Significant investigative research by the artist-photographer herself accompanies the digital archive. Both her WordPress site, and mirror sites hosted by ISSUU, a digital publishing platform that works well for magazines, catalogs, newspapers, and books, offer free downloads of Ita’s thesis, “El deleite de la transgresión: Graffiti y gráfica política callejera en la ciudad de Oaxaca,” (2011),and her 2014 publication, “El sur nunca muere: desplazamientos del graffiti en la ciudad de Oaxaca.” In the Licentiate’s thesis, Ita explores the genesis of this type of art in Mexico, its “new aesthetic language,” and the history of graffiti and stencil in Oaxaca, highlighting a few of the collectives.
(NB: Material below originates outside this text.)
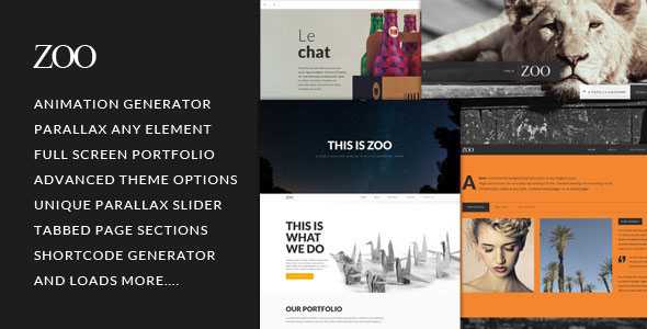 Zoo is the ultimate single page parallax theme. Perfect for corporate, agencies, freelancers or small business. Any element can be parallaxed with zoo, using the powerful animation shortcode generator. Animations are not only limited to parallax effects, you can create all kinds of custom scrolling animations with ease.

In the 2014 publication, she explores more deeply the aesthetics, politics, and subjectivity, looks at the effects of commerce and tourism on the urban art movement, and revisits the importance of the production of symbolic capital and archiving it.
Those who wish to follow the archivist and photographer will find that “Itandehui Xiaj Nikté” has a presence on Facebook and other social media venues, such as SubVersiones, where she publishes as “OaxIta.” A four-minute interview with her, where she speaks in Spanish, can be found on dailymotion. There, she explains her purpose and her estimation of the need to record art for memory and history. She also speaks of her desire to document indigenous cultures.
Itandehui has Zapotec heritage; her family comes from the Sierra Norte de Oaxaca. Her name is an indigenous-language term for a beautiful flower. Ita currently works in the museum at the ex-monastery in Yanhuitlan, and is exploring and documenting art and Native cultures across the Mixteca Alta. Her archive will long serve as rich fodder for teaching and research into art and social justice in recent Mexican history.
Stephanie Wood
(Stephanie Wood edits the Digital Resources section of the Oxford Research Encyclopedia for Latin American History. She took the photo that appears on this post, shot in the Espacio Zapata studio of ASARO in 2009. The bumper sticker says, in effect: “Announcing: Revolution. Coming Soon!” Stephanie also shot the banner image for this website in the same location and year.)